Tresca: I’ll connect you.
Salvaggio: It hasn’t happened yet. But I do think that there is a responsible way to take capitalism and have it fuel our liberation.
Tresca: For people who may be wondering whether showing up to Pride matters this year, why is participation important?
Salvaggio: I think visibility, number one, is the most important thing. We’re not immune to hearing that rhetoric that’s coming all around us all the time. So to be in that space and in that crowd authentically as yourself and to see other people doing the same thing, and then you get to celebrate each other, is just an incredibly powerful moment.
And I do think a lot about our youth, especially our LGBTQ youth, who have been under attack. It’s almost worse than when I was a kid, and I’m 50 years old. We just stayed in the closet, right? And we didn’t have any representation. We didn’t necessarily hear the person that is with the most power in our country and potentially in the world saying gender ideology or understanding your gender is the same as a domestic terrorist. So I think for especially our youth to see our community come together and push and fight back against that, that is incredibly important.

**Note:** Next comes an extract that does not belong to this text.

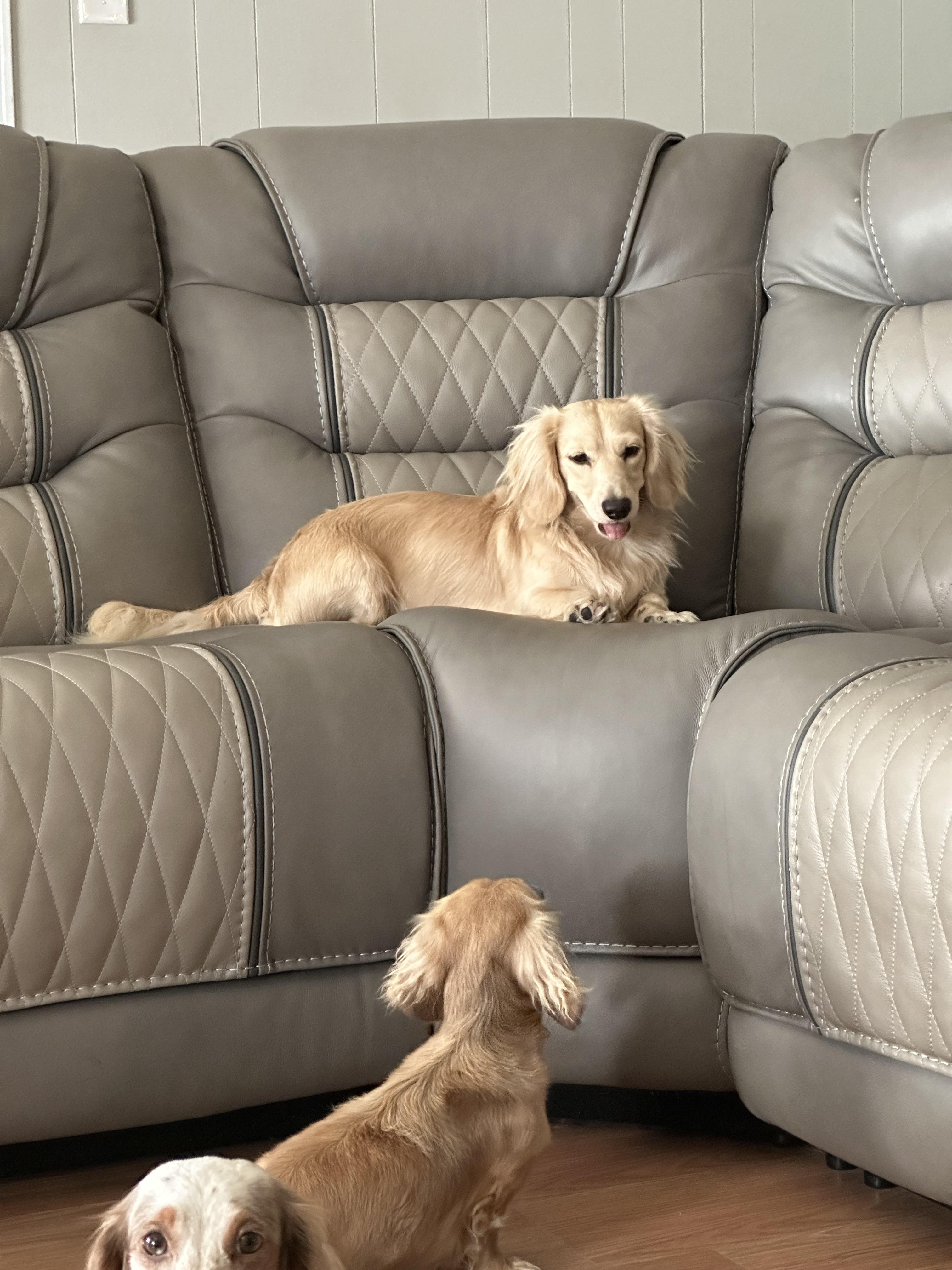 Although this process can be nerve-wracking for many, including us, Mrs. Moore provided frequent updates with pictures and videos of Butters from the moment he was born. These constant updates were greatly appreciated and helped settle our nerves. On adoption day, Mrs. Moore provided all necessary documentation and even a starter kit with food, toys, and a blanket with the mother's scent. Even after adoption day, she followed up to ensure the transition was smooth for us and Butters. Knowing that her husband is a veterinarian made us feel even more comfortable, alongside her extensive knowledge of mini dachshunds.

I will also say when you show up at the free festival, you come to the parade, maybe you run in the 5k, maybe you come to one of the dozens of other events that we’re holding in the month of June. If you buy a ticket to one of those, if you buy a drink at the free festival, if you get something to eat when you’re there, that is your financial impact that keeps The Center open and 100% free. Your ticket, your presence, anything that you purchase, it directly comes back to keep programming open and free and accessible to our community yearlong.
Tresca: Well, thank you so much for coming by the studio today to talk about Pride and happy Pride, Kim.
Salvaggio: Happy Pride. Thank you so much for having me.